Numerous factors contribute to this gender gap. A Deloitte survey of women in AI highlights some of the more prominent reasons, including judgment from male peers and discrimination for not fitting into established male-dominated molds in AI. The survey revealed that 78% of women did not have the opportunity to intern in AI or machine learning during their undergraduate studies. Over half of the respondents (58%) said they left at least one employer due to unequal treatment between men and women, while 73% considered leaving the tech industry altogether because of unequal pay and limited career advancement opportunities.

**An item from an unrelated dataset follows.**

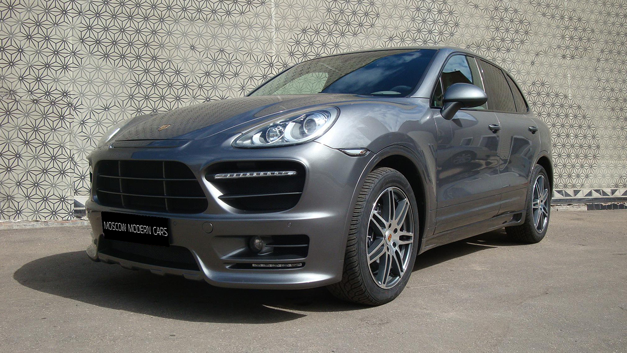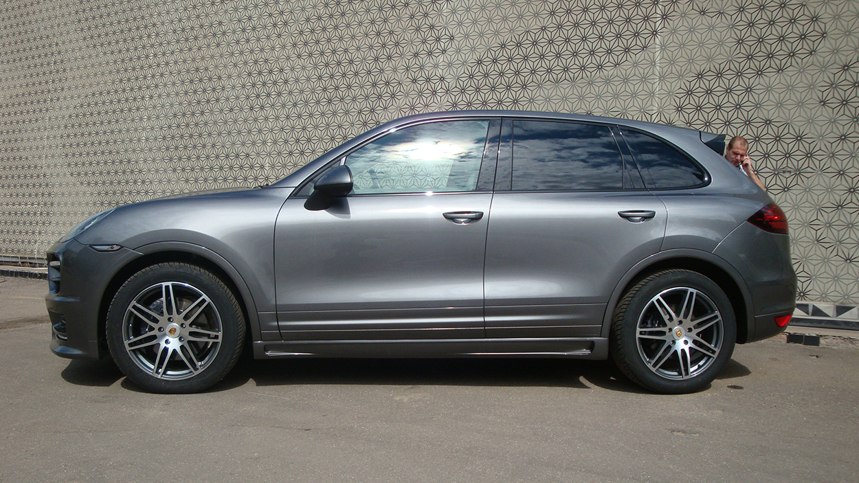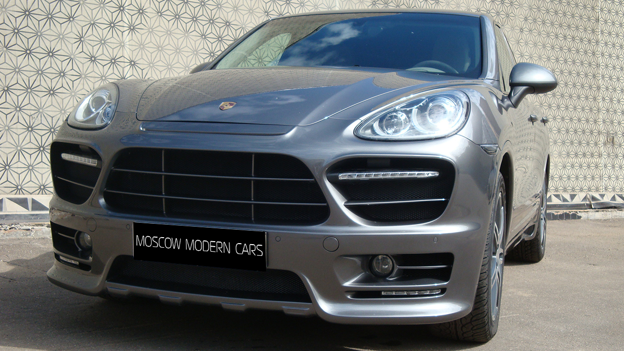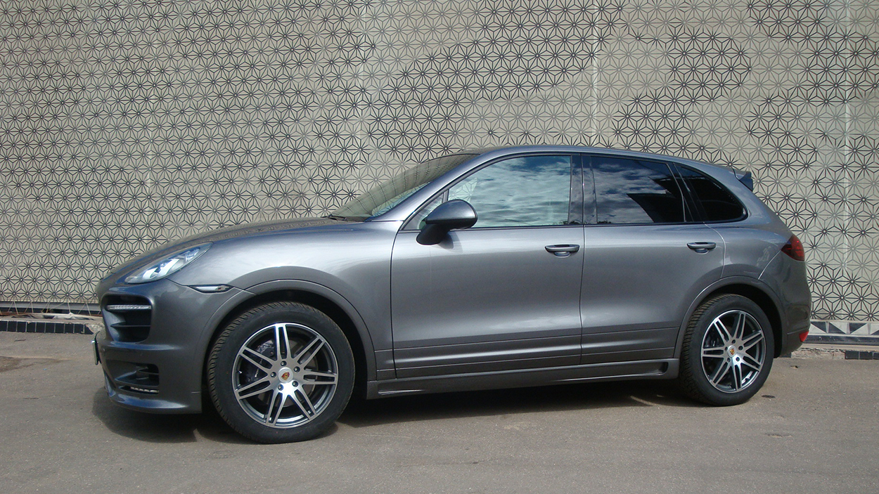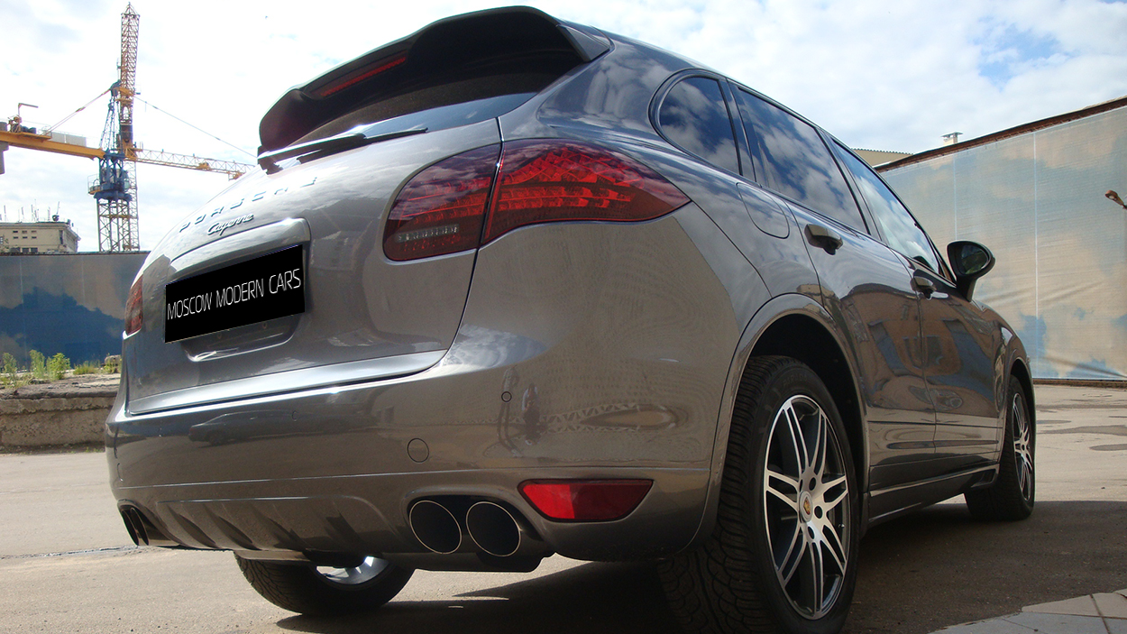 Porsche Cayenne 3.6. На автомобиль установлен аэрокит фирмы Hamann и спортивный глушитель с насадками. Задние американские фонари заменены на оригинальные тонированные с желтым поворотником.Все неокрашенные части заводского пластика по нижнему периметру автомобиля покрашены в цвет кузова.

The Impact of the Gender Gap

The lack of women in AI is detrimental to the field. Nesta, the UK’s innovation agency, conducted an analysis in 2019 that showed no improvement in the proportion of AI academic papers co-authored by women since the 1990s. Only 13.8% of AI research papers on Arxiv.org were authored or co-authored by women in 2019, with the numbers steadily declining over the past decade. This disparity is a missed opportunity as women bring unique perspectives and considerations to the development of AI, particularly in terms of societal, ethical, and political implications.

Moving Forward

TechCrunch’s series on accomplished women in AI aims to contribute to the efforts to bridge this gender gap. While it may be a small step, it is an important one. The women profiled in this series offer valuable suggestions for those looking to grow and evolve the AI field. One common theme that emerges is the importance of strong mentorship, commitment, and leading by example. Organizations can drive change by implementing policies that elevate women already in the AI industry or those looking to enter it. Decision-makers in positions of power can use their influence to create more diverse and supportive workplaces for women.

Conclusion

The AI revolution should not overshadow the contributions of women who have played instrumental roles in shaping the field. TechCrunch’s series on remarkable women in AI aims to give these individuals the recognition they deserve. However, it is clear that there is still much work to be done to address the gender gap in AI. By taking small steps and implementing changes at various levels within the industry, we can move towards a more inclusive and diverse AI community.